Me llamo Benita. Alrededor de 1857, mis raíces llegaron hacinadas dentro de las bodegas de los barcos que los traficantes de carne negra desembarcaban en las costas del puerto de Buenos Aires. Encadenados como bestias, hambrientos y aterrados, no tenían ni la menor idea del lugar donde se encontraban. No respondían a las órdenes de sus secuestradores porque desconocían el lenguaje; ignorancia fatal, que descargaba una lluvia de trompadas y latigazos sobre sus pieles oscuras, laceradas durante las peripecias horrorosas de la travesía. Los traficantes tenían contactos en tierra. El desembarco se hacía de noche y la entrega de mercadería a los sabuesos regateadores, sus futuros amos se efectuaba entre puteadas, patadas y empujones.

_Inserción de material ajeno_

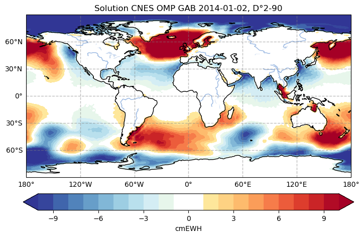 Le calcul du modèle de désaliasing océanique a été effectué par Florent Lyard (LEGOS/CNRS)La réponse de la Terre solide à ce potentiel océanique variable dans le temps a été prise en compte grâce à l’utilisation des nombres de Love kp (Gégout P., article en préparation). Les modèles de dealiasing à 10 jours sont obtenus en moyennant les produits à 3h, prenant en compte le découpage des arcs utilisés pour la production des solutions du géopotentiel. Un exemple de modèle de dealiasing à 10 jours est montré dans la figure 1.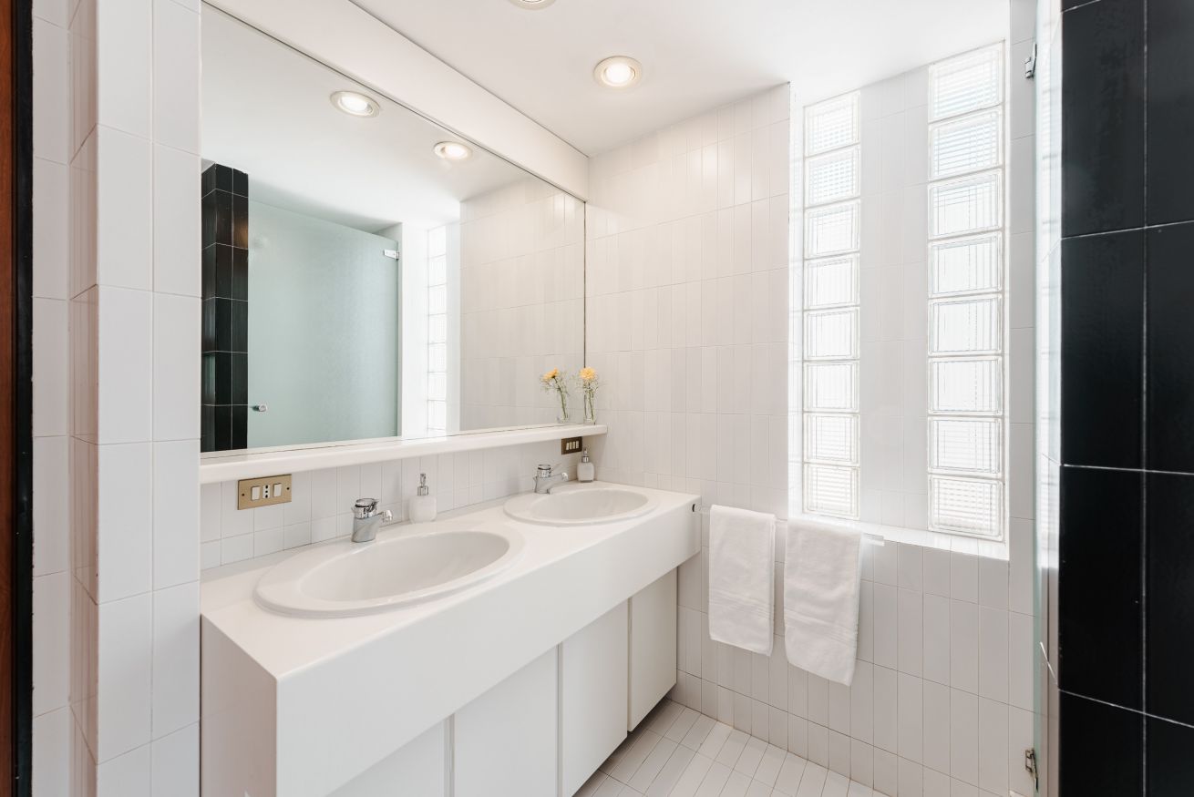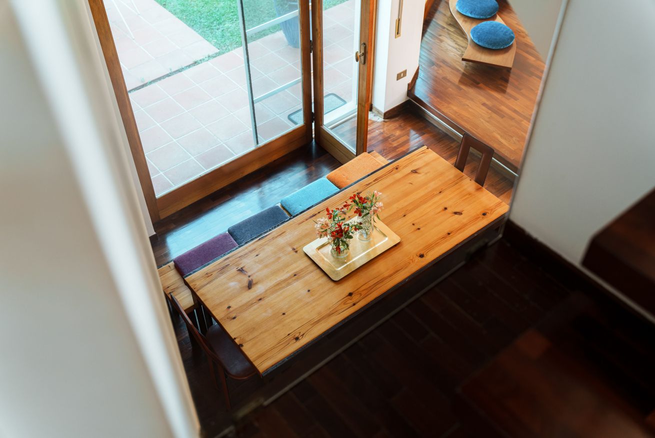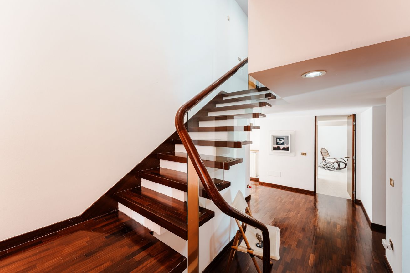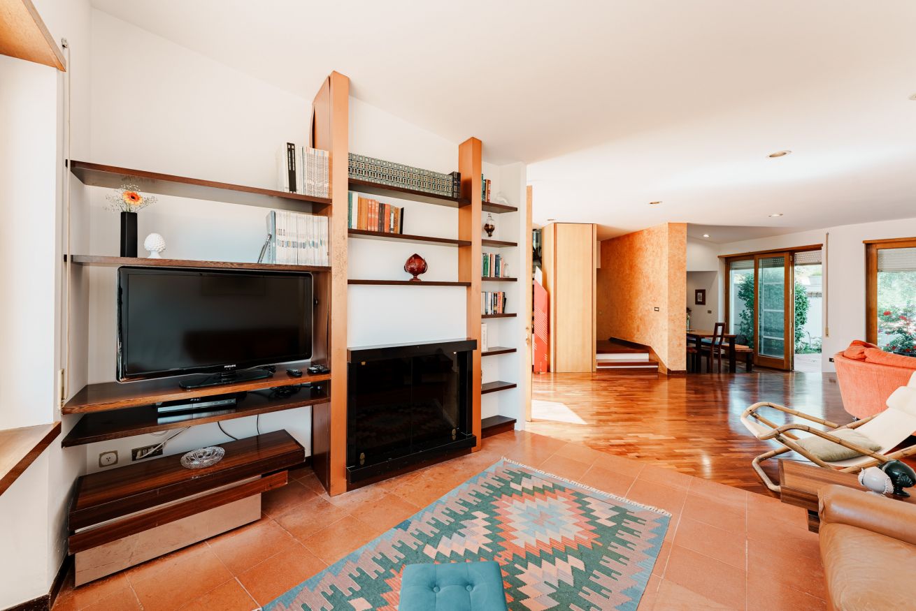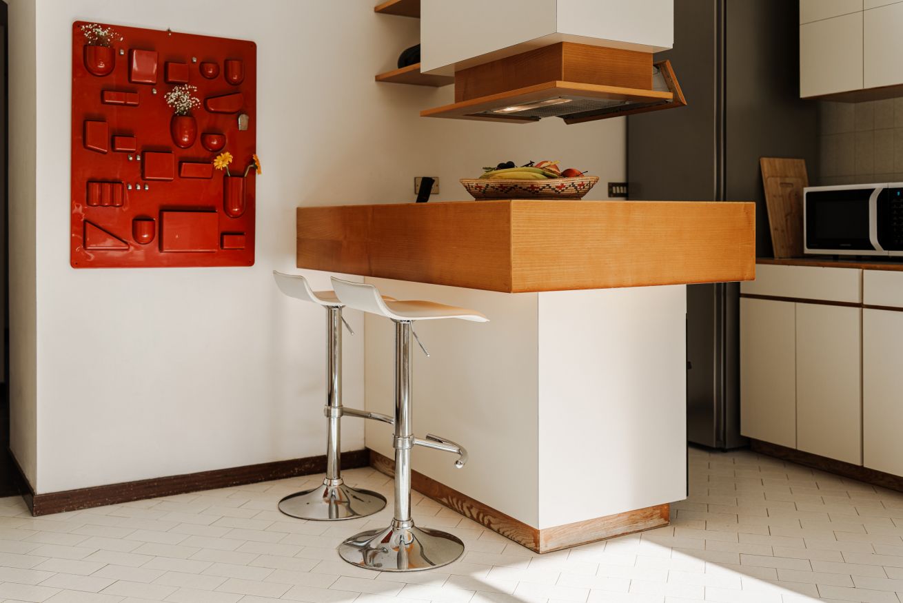 La sua architettura richiama le forme essenziali del design italiano anni ’80 (Bauhaus Movement), con spazi aperti, ampie vetrate e ambienti che dialogano con il giardino circostante. La villa si sviluppa su due livelli e accoglie fino a 10 ospiti in ambienti ampi, luminosi e funzionali.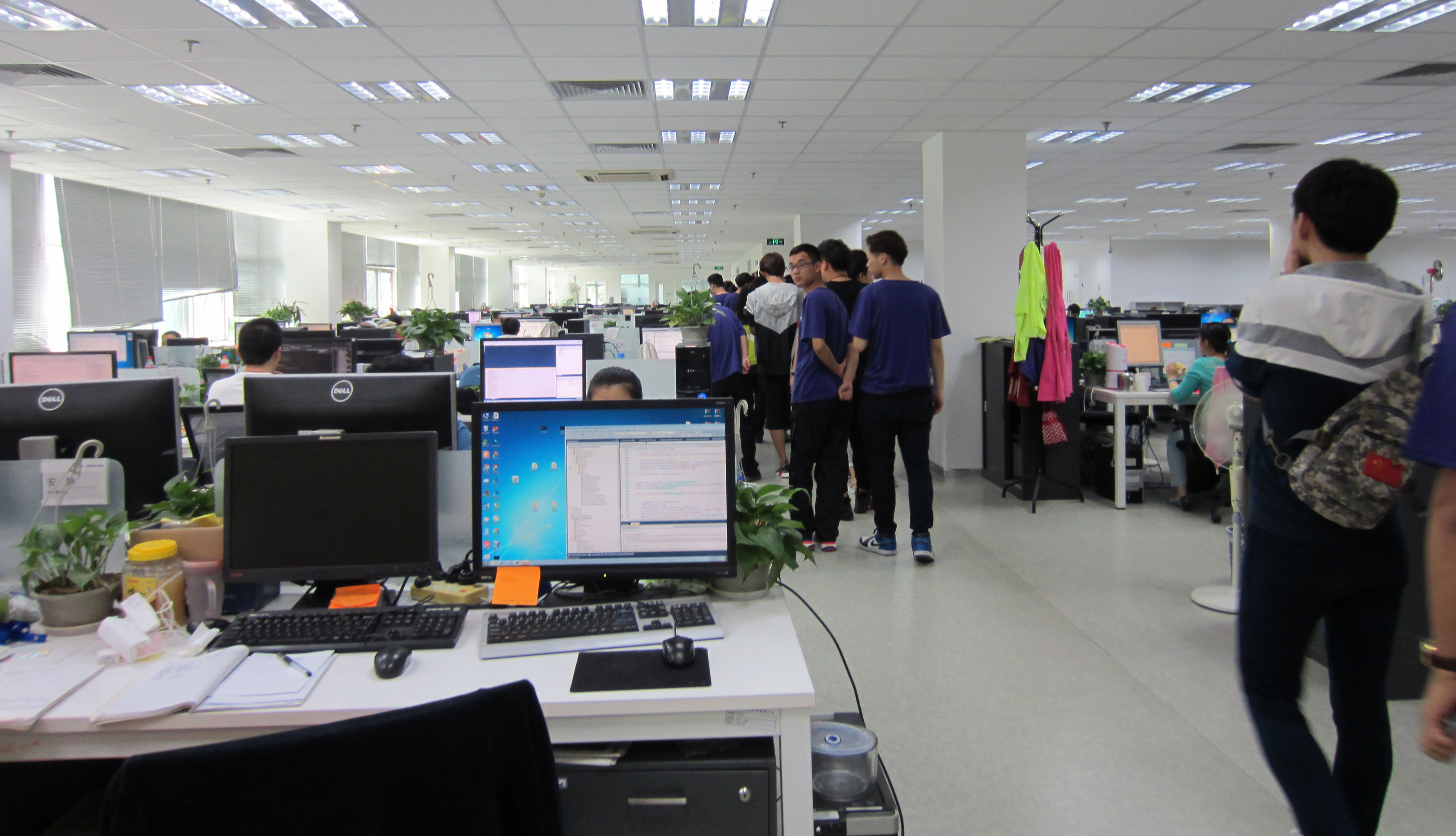 本次到公司參觀的同學(xué)大多以WEB前端開發(fā)及UI設(shè)計(jì)為專業(yè),為了讓同學(xué)們更好地了解自身所學(xué)專業(yè)在工作中的應(yīng)用 ,明確地找到學(xué)習(xí)中的方向,招聘中心主管張珊寧會(huì)上為大家講解了相關(guān)職業(yè)的應(yīng)屆生在求職中的注意事項(xiàng),并邀請(qǐng)同學(xué)們到WEB前端開發(fā)及UI設(shè)計(jì)工程師們的座位上,交流學(xué)習(xí)相關(guān)知識(shí)及工作內(nèi)容。同學(xué)們紛紛拋出自己各種困惑,我們的工程師用各種風(fēng)趣的比喻為同學(xué)們答疑解惑,現(xiàn)場(chǎng)氣氛相當(dāng)活躍。

Mis ancestros aportaron a Buenos Aires, ciudad que empezaba la metamorfosis de abandonar el estado larval para transformarse — conforme a los designios de la naturaleza — en liviana y bella mariposa, lista para echarse a volar, no solamente la fuerza de la juventud, que se desgajaba en los trabajos más rudos. Inauguraron, enfrentándose al ceño fruncido de los españoles, la risa abierta que enseñaba fauces moradas y grandes dientes blancos; el repiqueteo del candombe, la esbeltez arrogante de los hombres, el ondulado caminar de las mujeres y agregaron al lenguaje que se gestaba, voces como milonga, mandinga, o tango. Pienso que mis antepasados soportaron la esclavitud, porque el espíritu de la música tribal, que atesoraban en el corazón, los mantenía con la ilusión en vilo: algún día retornarían a su tierra, con los suyos. Algún día volverían a salir de cacería para arribar orgullosos con la presa muerta sobre el hombro. Algún atardecer los encontraría sumergidos dentro de los pastizales, revolcando una hembra. Un “algún día”, que ninguno de ellos alcanzó.

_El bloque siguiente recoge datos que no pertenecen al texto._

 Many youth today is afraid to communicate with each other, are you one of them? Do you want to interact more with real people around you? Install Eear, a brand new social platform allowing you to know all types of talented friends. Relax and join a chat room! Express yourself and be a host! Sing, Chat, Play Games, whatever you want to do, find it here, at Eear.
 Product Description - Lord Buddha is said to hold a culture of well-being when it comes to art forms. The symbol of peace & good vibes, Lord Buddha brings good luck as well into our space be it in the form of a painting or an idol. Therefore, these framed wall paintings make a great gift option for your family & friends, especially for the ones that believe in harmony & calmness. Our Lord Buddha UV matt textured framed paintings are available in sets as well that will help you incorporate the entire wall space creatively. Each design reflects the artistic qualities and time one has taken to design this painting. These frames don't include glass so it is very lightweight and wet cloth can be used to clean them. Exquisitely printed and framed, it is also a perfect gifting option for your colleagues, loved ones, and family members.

Los pigmentos retintos casi han desaparecido de mi piel. Lenta evolución producida por las cruzas con criollos atrevidos, primero. Mas adelante mis torneadas antepasadas fueron elegidas por los gringos. Esos que desembarcaban de a miles en el puerto. Aparecieron mulatas de ojos claros y el cutis se fue destiñendo. Poco a poco.

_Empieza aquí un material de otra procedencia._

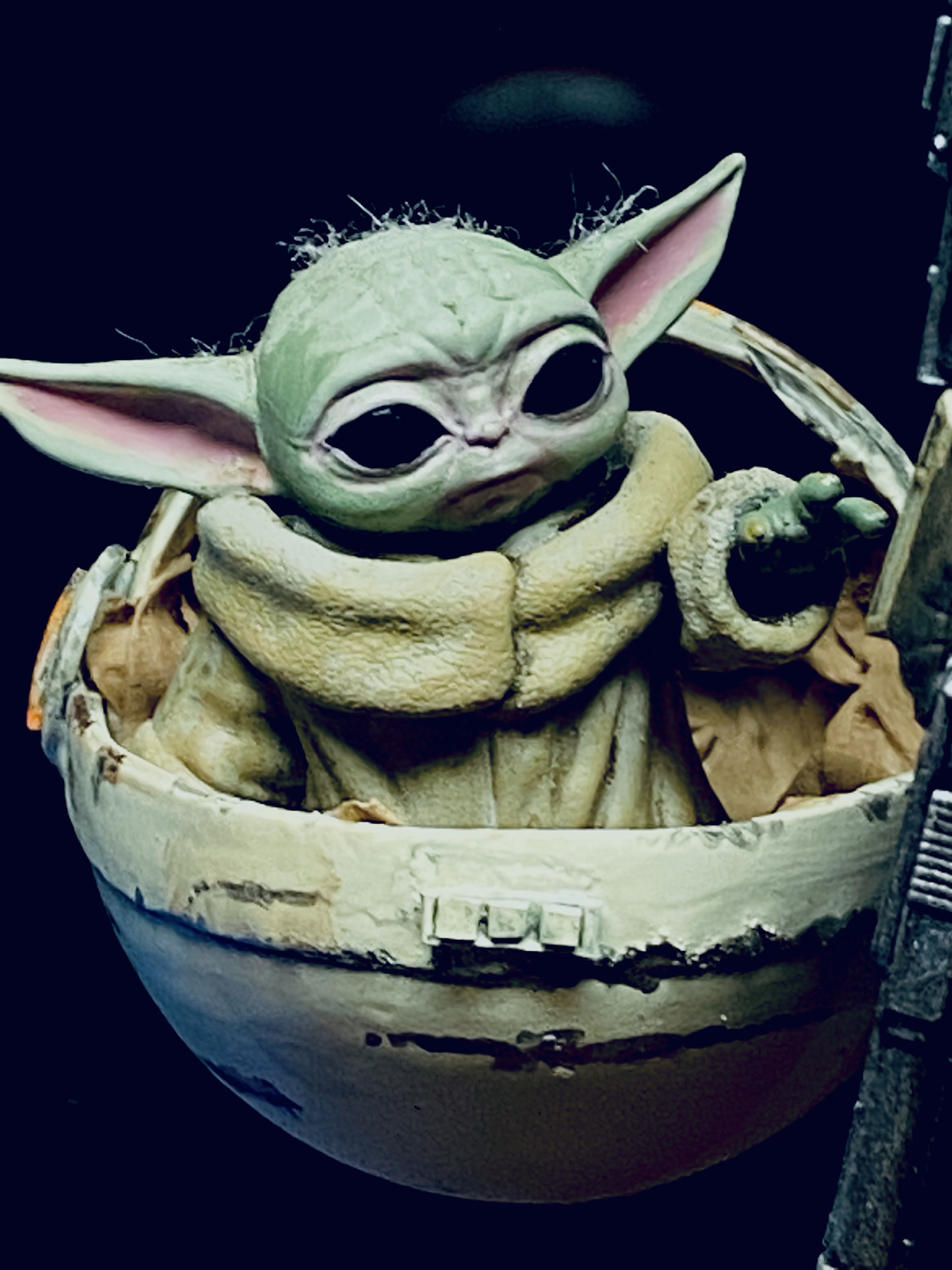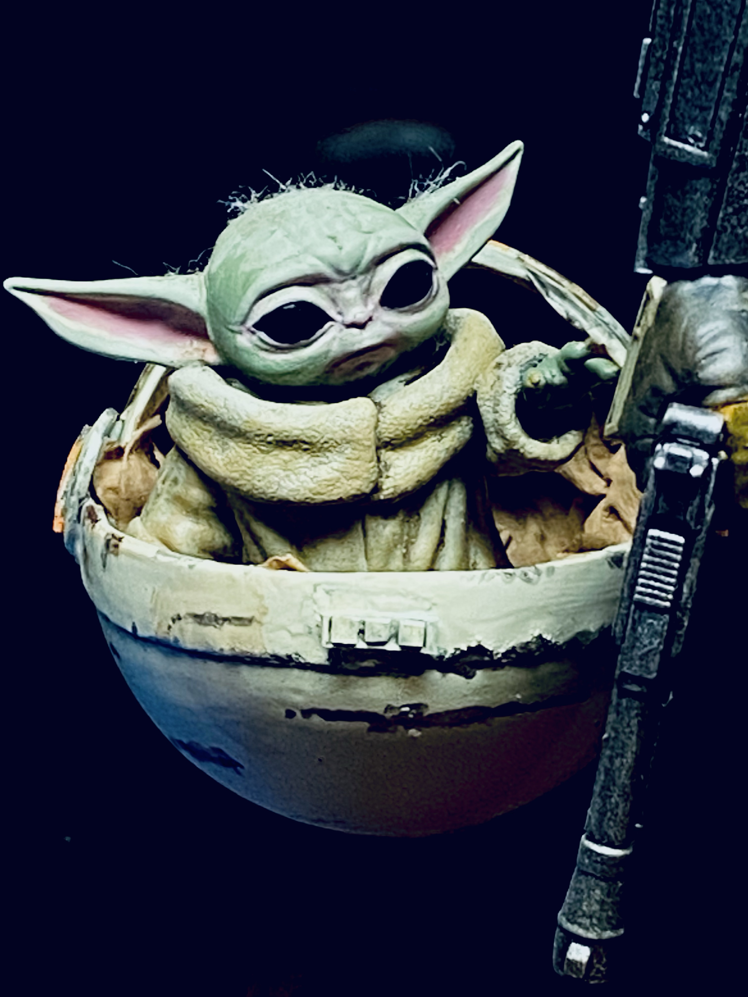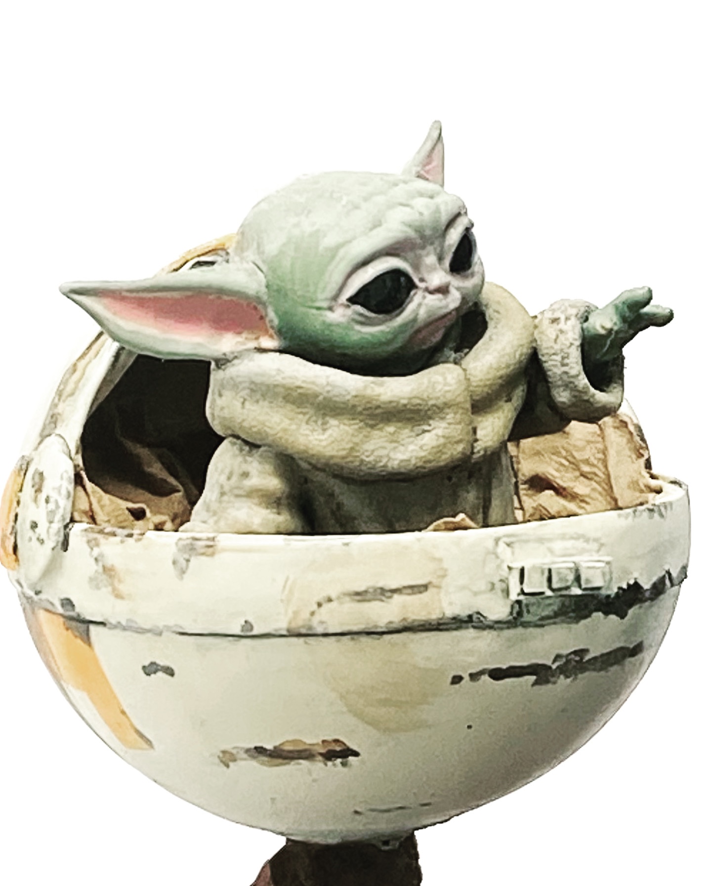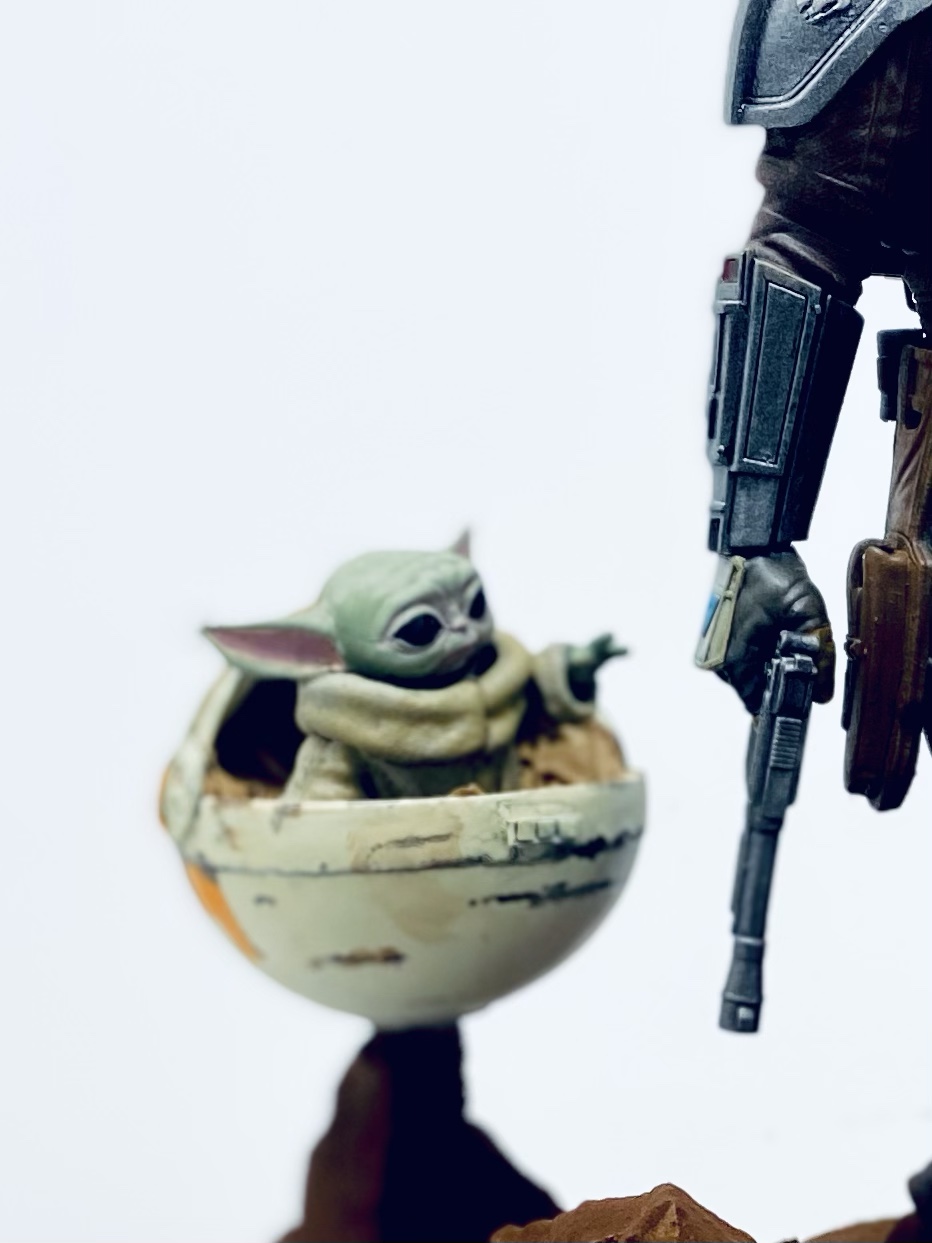 The build itself was very easy, the work was in the painting. I was lucky enough to receive a Grogu figure in the box as well so I thought the best way to incorporate him into being at Mando’s side was to fabricate the floating pram he gets around in.

Resisten en mi herencia, obstinadamente, tres características: mi cabello, que no se enrula en motas, pero es duro y abundante, difícil de someter. Insuflada por algún hechicero emplumado siento la imperiosa necesidad de curar enfermos...y la última, algo que duerme en mis oídos y espera en mis cuerdas vocales: escuchar música y cantar. Y si no puedo cantar, tarareo. En la soledad de mi escritorio tamborileo sobre la madera, o mentalizo el tango Cambalache. El poeta que lo escribió, el que le puso música, no fue un artista más. Fue un adelantado. Un visionario de las perennes enfermedades que padecemos los habitantes del planeta en los momentos de ruindad, cuando retrocedemos a los tiempos bestiales.

Esta brillante mañana del 2011, hago una pausa en mi quehacer. Quiero desembarazarme del rutinario presente del consultorio donde atiendo enfermos. Deseo soltar amarras, salir a la ventura, callejear sin rumbo. Desplazarme con los sentidos abiertos para ver, oler, sentir esta ciudad desde otra óptica. Observar los alrededores de la Plaza de Mayo, las veredas de La Rosada, vallada como una cárcel. Avisto la imponente Catedral y cruzando la calle, El Cabildo. Un Cabildo remozado, gallardo por fuera. Presiento que adentro, en la lobreguez de las habitaciones, se deslizan fantasmas en fuga. Hombres que pensando a futuro, nos liberaron, nos soltaron la mano para que creciéramos como seres libres. Censores mudos, que agitan las manos reclamando justicia y lealtad a nosotros, herederos sumidos en la amnesia y carcomidos por la angurria.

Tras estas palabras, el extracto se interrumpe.